%%

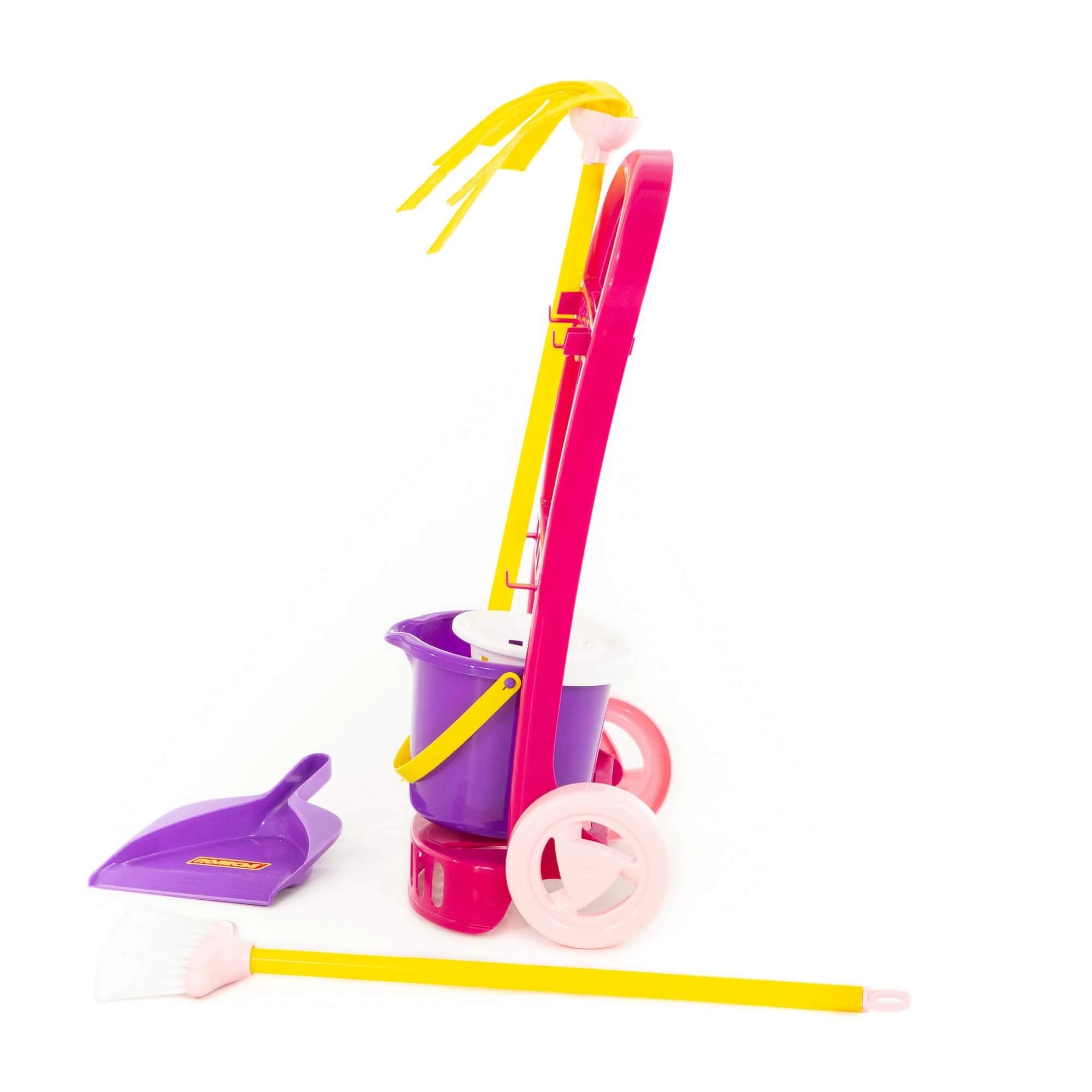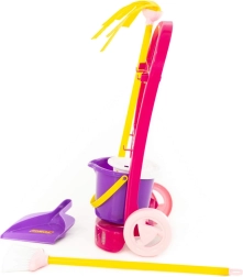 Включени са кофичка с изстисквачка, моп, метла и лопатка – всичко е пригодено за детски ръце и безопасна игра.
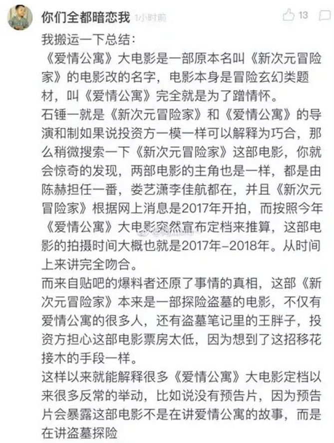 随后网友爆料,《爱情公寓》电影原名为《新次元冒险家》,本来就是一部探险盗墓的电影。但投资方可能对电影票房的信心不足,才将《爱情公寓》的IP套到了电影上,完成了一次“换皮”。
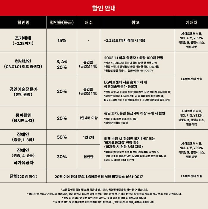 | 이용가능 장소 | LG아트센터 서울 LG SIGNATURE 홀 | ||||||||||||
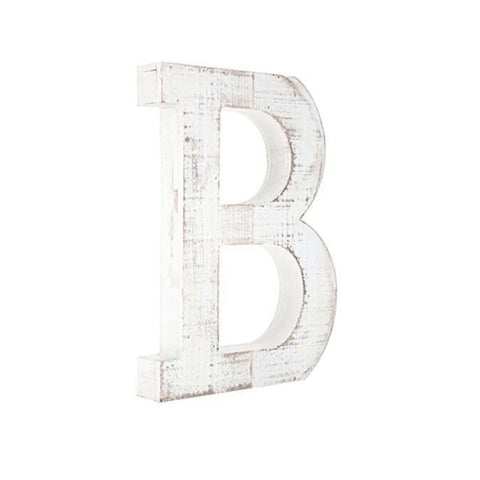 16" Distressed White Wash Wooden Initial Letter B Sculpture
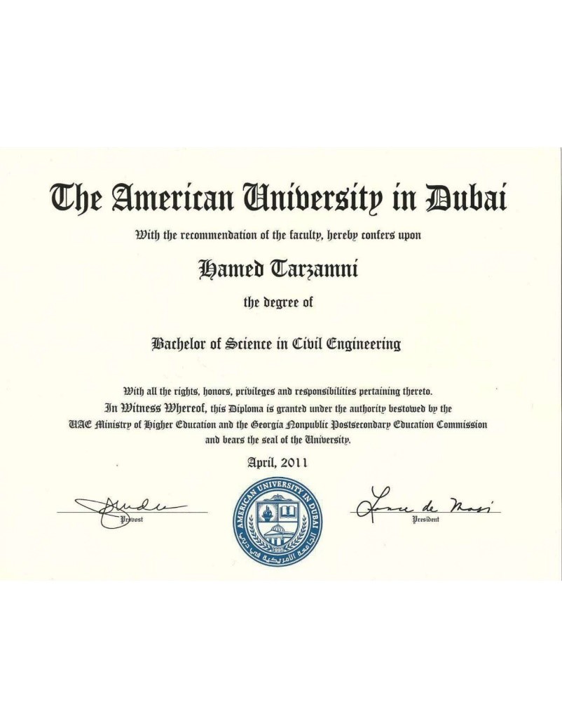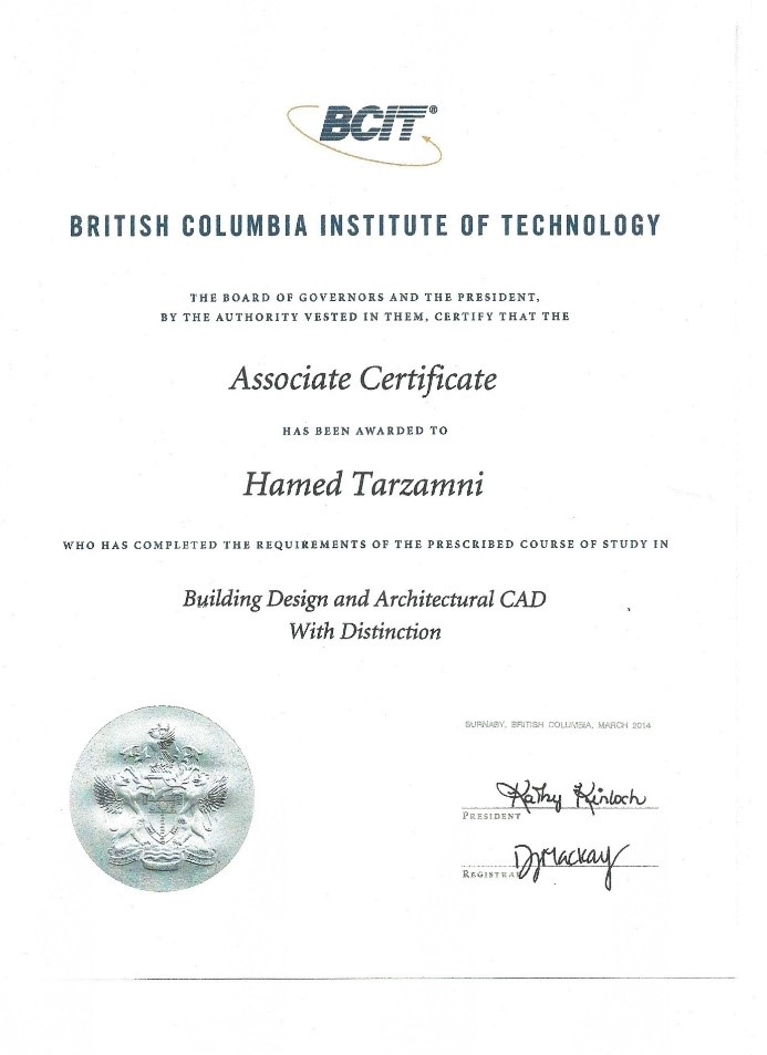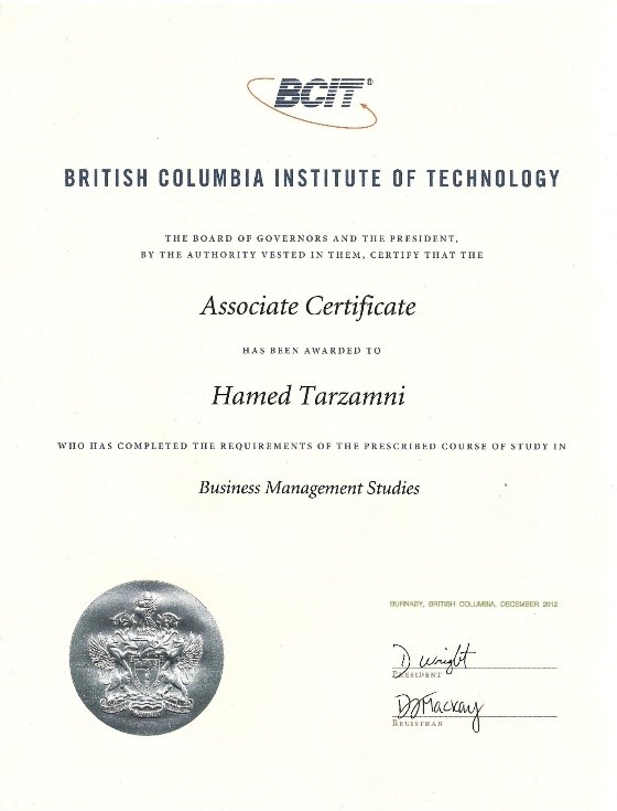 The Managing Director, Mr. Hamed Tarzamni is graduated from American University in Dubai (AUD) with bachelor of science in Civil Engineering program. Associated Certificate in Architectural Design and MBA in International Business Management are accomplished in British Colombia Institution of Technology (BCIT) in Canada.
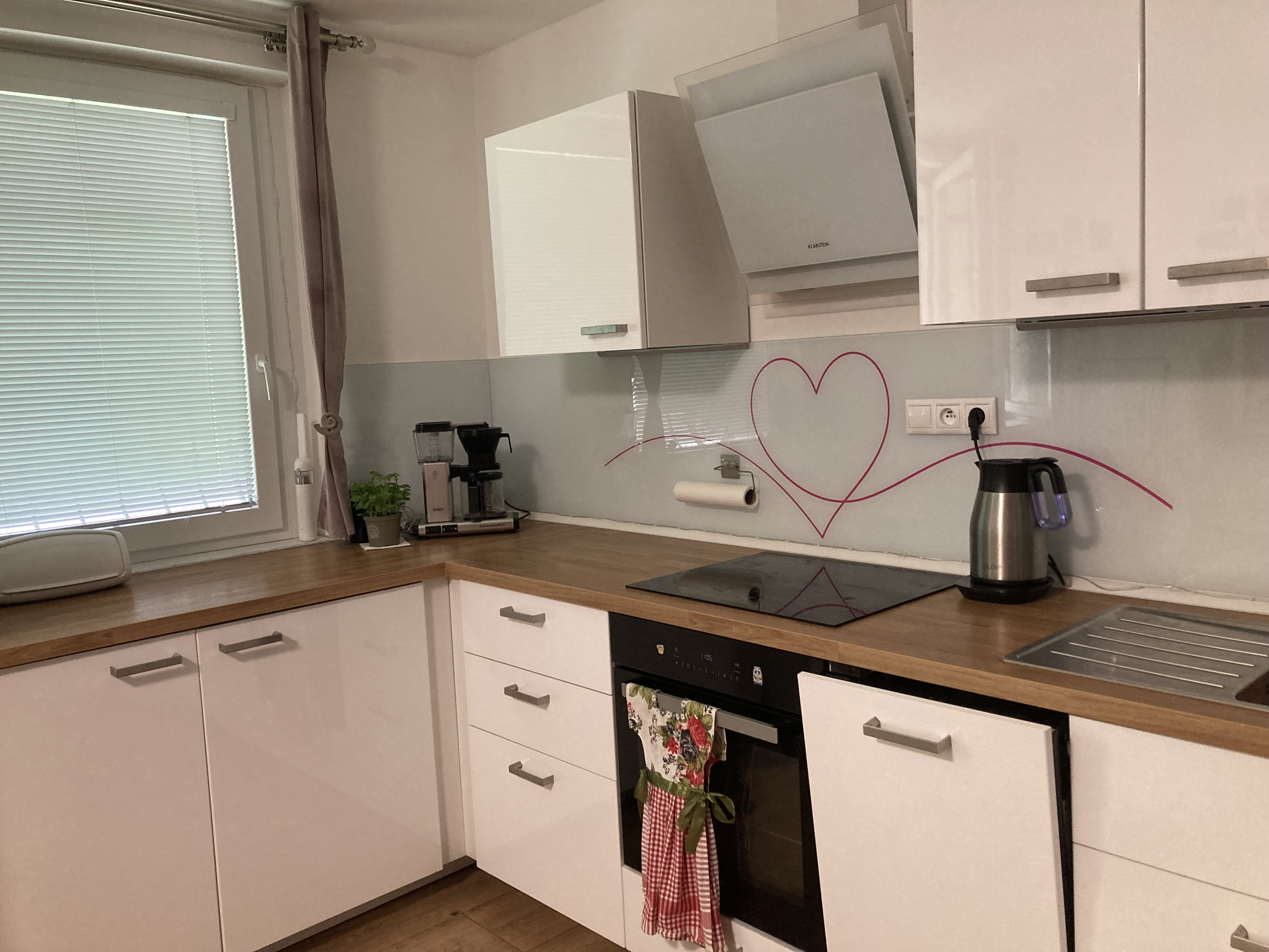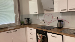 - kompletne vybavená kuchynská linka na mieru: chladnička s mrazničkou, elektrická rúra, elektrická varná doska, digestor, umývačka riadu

%%

What you should do
Without the pictures, give all the records above again exactly.

Answer to this task
 Включени са кофичка с изстисквачка, моп, метла и лопатка – всичко е пригодено за детски ръце и безопасна игра.
 随后网友爆料,《爱情公寓》电影原名为《新次元冒险家》,本来就是一部探险盗墓的电影。但投资方可能对电影票房的信心不足,才将《爱情公寓》的IP套到了电影上,完成了一次“换皮”。
 | 이용가능 장소 | LG아트센터 서울 LG SIGNATURE 홀 | ||||||||||||
 16" Distressed White Wash Wooden Initial Letter B Sculpture
 The Managing Director, Mr. Hamed Tarzamni is graduated from American University in Dubai (AUD) with bachelor of science in Civil Engineering program. Associated Certificate in Architectural Design and MBA in International Business Management are accomplished in British Colombia Institution of Technology (BCIT) in Canada.
 - kompletne vybavená kuchynská linka na mieru: chladnička s mrazničkou, elektrická rúra, elektrická varná doska, digestor, umývačka riadu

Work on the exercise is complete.